### Dataset excerpts
────────────────

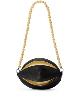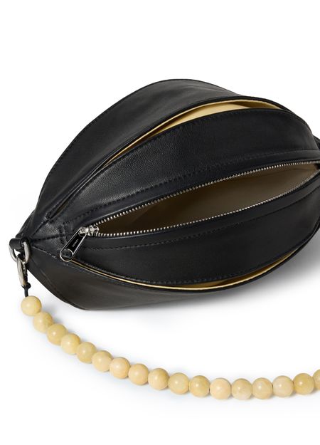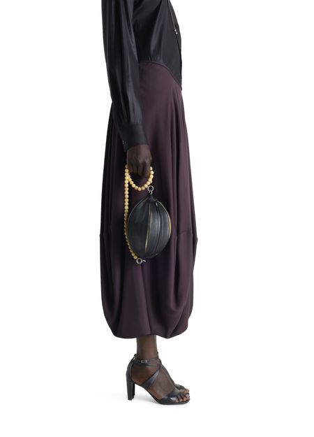 Reveal Lemaire's Balloon Slits bag, crafted from nappa lambskin leather with a single handle for effortless sophistication. Visible stitching and silver-finish hardware highlight its refined construction, while a zipper closure secures essentials in a single compartment lined with fabric. This piece seamlessly blends modern design with practical elegance.
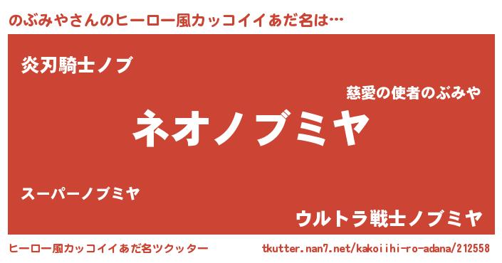| 男性向けラノベタイトル風あだ名 | 『のぶみやという概念が存在しない退屈な世界 』 |
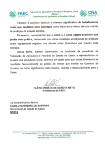 A propósito da posição de alguns, manifestada abertamente nas redes sociais, informando  que os representantes do setor agropecuário cearense não se posicionaram  sobre a lei de proibição da pulverização aérea no Estado do Ceará, o  Presidente da Federação da Agricultura e Pecuária do Estado do Ceará, Flávio Saboya,  lembra que a Federação manifestou-se  oficialmente e publicamente  sobre o assunto junto ao Governador do Estado e à Assembleia Legislativa, em 2019, antes e depois da aprovação da Lei 16.820/2019 . Disse ainda, que a moção recebeu  o apoio de outras instituições como  a Associação dos Engenheiros Agrônomos,  a  Academia Cearense de Ciências e o Conselho Regional de Engenharia , atestando tecnicamente, com base em estudos  que a pulverização aérea não traz prejuízos as abelhas, como destacada no projeto de lei apresentado.
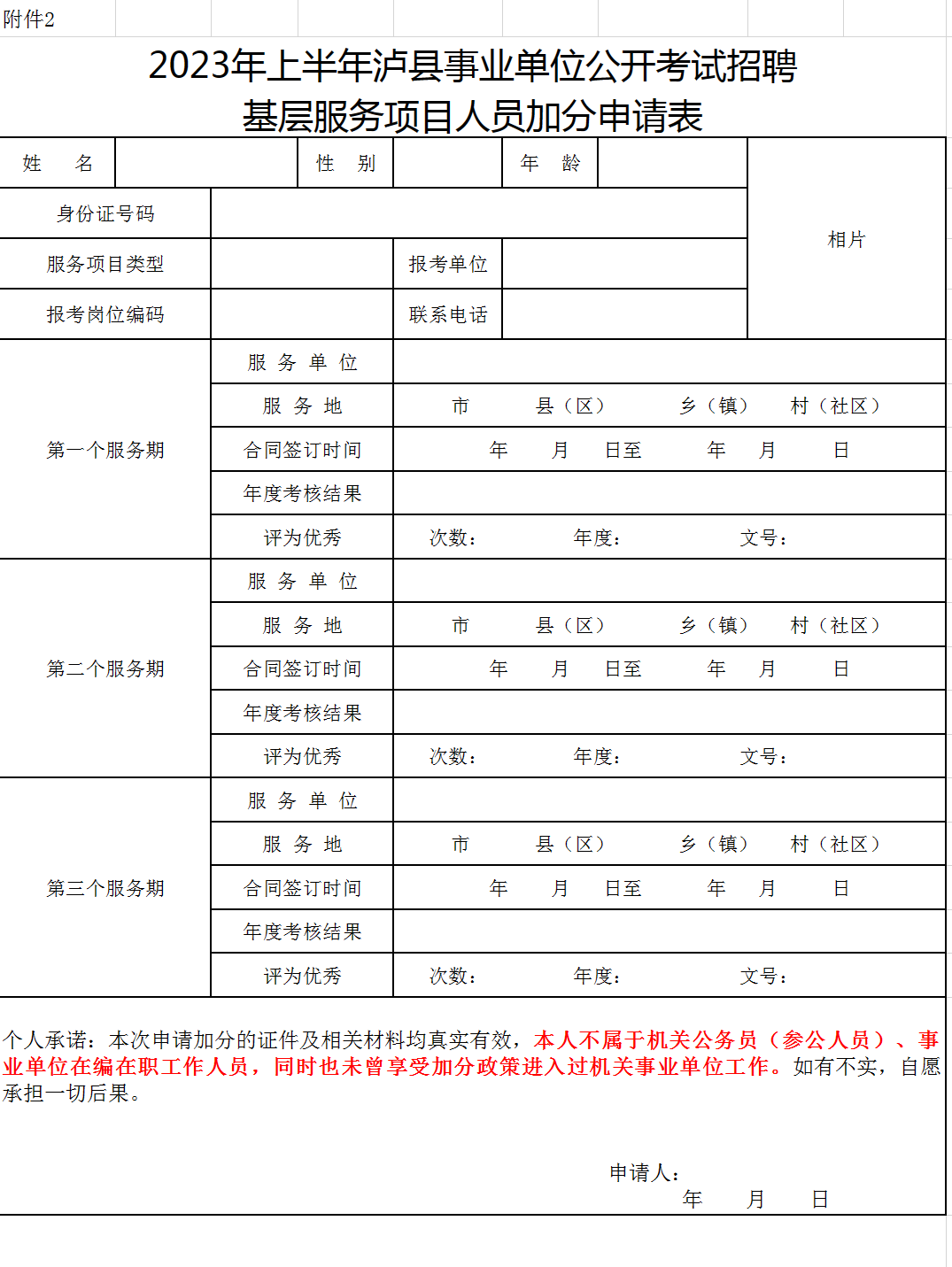 (1)“大学生志愿服务西部计划”、“三支一扶”计划以及“农村义务教育阶段学校教师特设岗位计划”和大学生村(社区)干部,须提供本人亲笔签名的加分申请表(附件2)、考核材料、服务合同(协议)和服务证书、身份证、报名信息表等材料。
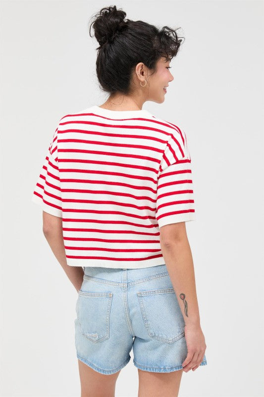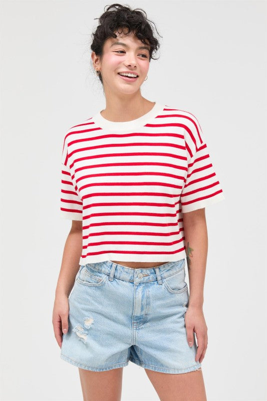 We can't get over how cute this flattering top is. It has a classic design that'll never go out of fashion, framed with a round neck, drop shoulders and short sleeves. Striped lends it added visual interest. Style with high waisted jeans.

────────────────

Repeat, with no pictures, each line from the beginning of the data through the line containing "男性向けラノベタイトル風あだ名 | 『のぶみやという概念が存在しない退屈な世界 』 |", inclusive.

 Reveal Lemaire's Balloon Slits bag, crafted from nappa lambskin leather with a single handle for effortless sophistication. Visible stitching and silver-finish hardware highlight its refined construction, while a zipper closure secures essentials in a single compartment lined with fabric. This piece seamlessly blends modern design with practical elegance.
| 男性向けラノベタイトル風あだ名 | 『のぶみやという概念が存在しない退屈な世界 』 |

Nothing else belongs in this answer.